* _YOUR GOAL_: Produce a verbatim copy of the following records, leaving out all pictures.

* _SUPPLIED RECORDS_:
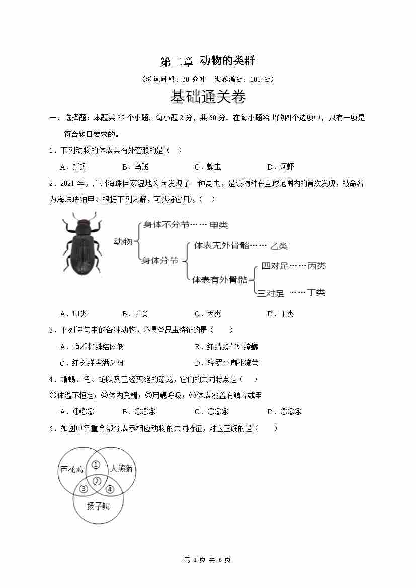 第2章 动物的类群(基础通关卷)(原卷版)
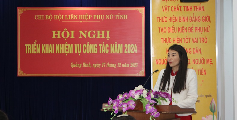 Năm 2023, Chi bộ chú trọng công tác lãnh đạo thực hiện nhiệm vụ chính trị, quốc phòng - an ninh: Triển khai thực hiện có hiệu quả chủ đề năm 2023 “Tập trung xây dựng cơ sở hội, trọng tâm là nâng cao năng lực cán bộ hội cơ sở” gắn với hai khâu đột phá “Đổi mới phương thức hoạt động Hội, trọng tâm là ứng dụng công nghệ thông tin” và “Tập trung xây dựng cơ sở Hội vững mạnh”; Phát động thực hiện các Đợt thi đua đặc biệt và nhiều hoạt động chào mừng các sự kiện lớn của đất nước, của Hội, của địa phương; Hỗ trợ phụ nữ phát triển kinh tế, hội nhập và vun đắp giá trị tốt đẹp của gia đình Việt Nam; Tham gia xây dựng Đảng, chính quyền, quốc phòng - an ninh, vận động xã hội thực hiện bình đẳng giới; Xây dựng tổ chức Hội vững mạnh, hoạt động chuyên nghiệp, hiệu quả. Công tác xây dựng Đảng được quan tâm, thực hiện tốt trên các mặt chính trị tư tưởng, tổ chức cán bộ; kiểm tra, giám sát; đẩy mạnh công tác dân vận và lãnh đạo các đoàn thể, xây dựng Chi bộ trong sạch vững mạnh, được Đảng ủy Khối ghi nhận, đánh giá cao. Cụ thể: Chương trình truyền hình trực tiếp “Áo dài-Về miền di sản Quảng Bình”; hội LHPN tỉnh và 8/8 huyện, thị xã tổ chức thành công hội nghị biểu dương Chủ tịch Hội LHPN cơ sở, chi hội trưởng, nhóm trưởng tín dụng-tiết kiệm tiêu biểu; các chương trình “Mẹ đỡ đầu-Kết nối yêu thương”, “Xuân ấm áp-Tết biên cương”, Ngày Phụ nữ sáng tạo - Khởi nghiệp và trao giải Cuộc thi “Phụ nữ khởi nghiệp, phát huy tài nguyên bản địa”;  “Đồng hành cùng phụ nữ biên cương”; chỉ đạo các cấp Hội ra mắt 09 mô hình điểm “Gia đình 5 có, 3 sạch - Nông thôn mới kiểu mẫu”, “Thu gom phân loại rác thải tại nguồn” tại cấp tỉnh, huyện, có 32 hộ gia đình đã gắn biển “Gia đình 5 có 3 sạch” và “Nhà sạch - Vườn mẫu”; tổ chức Lễ phát động nhân rộng “Hàng rào xanh, xây dựng nông thôn mới”... Với những thành tựu nổi bật đó, Hội LHPN tỉnh Quảng Bình vinh dự là 1 trong 8 đơn vị trong toàn quốc được Trung ương Hội LHPN Việt Nam tặng cờ thi đua “Đơn vị dẫn đầu” cùng nhiều tập thể, cá nhân được khen thưởng.
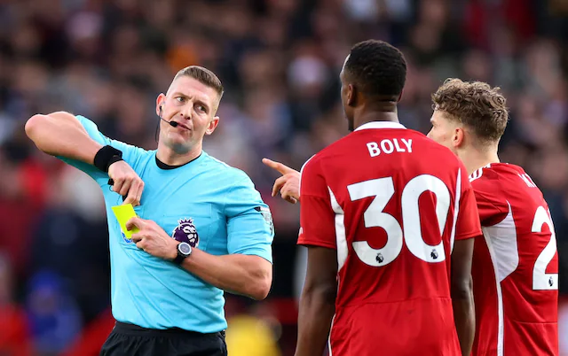 It’s Forest vs Bournemouth, 23 December 2023. The referee is Rob Jones, who with breathtaking incompetence sends off our defender Willy Boly after 23 minutes. Even at the distance I was sat, 70 metres away, I could see that Boly had won the ball. I even remember excitedly exclaiming ‘great tackle!’, only to see the inept Jones give Boly his second yellow. Replays will show not only did Boly win the ball, he was also fouled in the process – a possible red for the other player. Forest also had a penalty controversially turned down when the ball struck an outstretched arm. Despite the injustice we went a goal up. But then they scored twice in seven minutes. We equalised, only to lose the game late on.
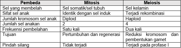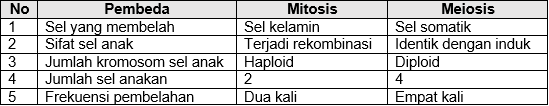 Perbedaan yang tepat antara pembelahan mitosis dan meiosis ditunjukkan oleh nomor ….
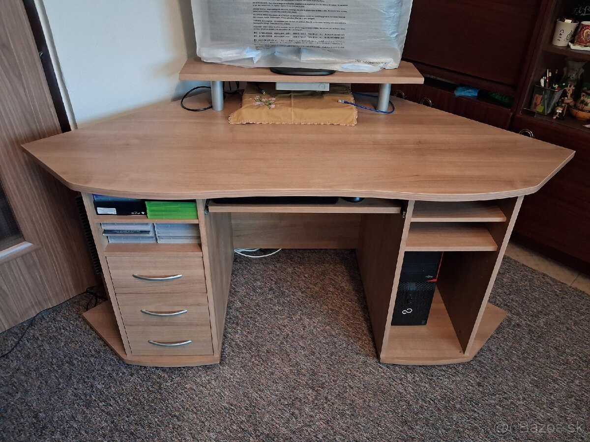 Prdám rohový písací stôl, málo používaný, ako nový, rozmery 165x94x73 cm, d/h/v

* _TASK ANSWER_:
 第2章 动物的类群(基础通关卷)(原卷版)
 Năm 2023, Chi bộ chú trọng công tác lãnh đạo thực hiện nhiệm vụ chính trị, quốc phòng - an ninh: Triển khai thực hiện có hiệu quả chủ đề năm 2023 “Tập trung xây dựng cơ sở hội, trọng tâm là nâng cao năng lực cán bộ hội cơ sở” gắn với hai khâu đột phá “Đổi mới phương thức hoạt động Hội, trọng tâm là ứng dụng công nghệ thông tin” và “Tập trung xây dựng cơ sở Hội vững mạnh”; Phát động thực hiện các Đợt thi đua đặc biệt và nhiều hoạt động chào mừng các sự kiện lớn của đất nước, của Hội, của địa phương; Hỗ trợ phụ nữ phát triển kinh tế, hội nhập và vun đắp giá trị tốt đẹp của gia đình Việt Nam; Tham gia xây dựng Đảng, chính quyền, quốc phòng - an ninh, vận động xã hội thực hiện bình đẳng giới; Xây dựng tổ chức Hội vững mạnh, hoạt động chuyên nghiệp, hiệu quả. Công tác xây dựng Đảng được quan tâm, thực hiện tốt trên các mặt chính trị tư tưởng, tổ chức cán bộ; kiểm tra, giám sát; đẩy mạnh công tác dân vận và lãnh đạo các đoàn thể, xây dựng Chi bộ trong sạch vững mạnh, được Đảng ủy Khối ghi nhận, đánh giá cao. Cụ thể: Chương trình truyền hình trực tiếp “Áo dài-Về miền di sản Quảng Bình”; hội LHPN tỉnh và 8/8 huyện, thị xã tổ chức thành công hội nghị biểu dương Chủ tịch Hội LHPN cơ sở, chi hội trưởng, nhóm trưởng tín dụng-tiết kiệm tiêu biểu; các chương trình “Mẹ đỡ đầu-Kết nối yêu thương”, “Xuân ấm áp-Tết biên cương”, Ngày Phụ nữ sáng tạo - Khởi nghiệp và trao giải Cuộc thi “Phụ nữ khởi nghiệp, phát huy tài nguyên bản địa”;  “Đồng hành cùng phụ nữ biên cương”; chỉ đạo các cấp Hội ra mắt 09 mô hình điểm “Gia đình 5 có, 3 sạch - Nông thôn mới kiểu mẫu”, “Thu gom phân loại rác thải tại nguồn” tại cấp tỉnh, huyện, có 32 hộ gia đình đã gắn biển “Gia đình 5 có 3 sạch” và “Nhà sạch - Vườn mẫu”; tổ chức Lễ phát động nhân rộng “Hàng rào xanh, xây dựng nông thôn mới”... Với những thành tựu nổi bật đó, Hội LHPN tỉnh Quảng Bình vinh dự là 1 trong 8 đơn vị trong toàn quốc được Trung ương Hội LHPN Việt Nam tặng cờ thi đua “Đơn vị dẫn đầu” cùng nhiều tập thể, cá nhân được khen thưởng.
 It’s Forest vs Bournemouth, 23 December 2023. The referee is Rob Jones, who with breathtaking incompetence sends off our defender Willy Boly after 23 minutes. Even at the distance I was sat, 70 metres away, I could see that Boly had won the ball. I even remember excitedly exclaiming ‘great tackle!’, only to see the inept Jones give Boly his second yellow. Replays will show not only did Boly win the ball, he was also fouled in the process – a possible red for the other player. Forest also had a penalty controversially turned down when the ball struck an outstretched arm. Despite the injustice we went a goal up. But then they scored twice in seven minutes. We equalised, only to lose the game late on.
 Perbedaan yang tepat antara pembelahan mitosis dan meiosis ditunjukkan oleh nomor ….
 Prdám rohový písací stôl, málo používaný, ako nový, rozmery 165x94x73 cm, d/h/v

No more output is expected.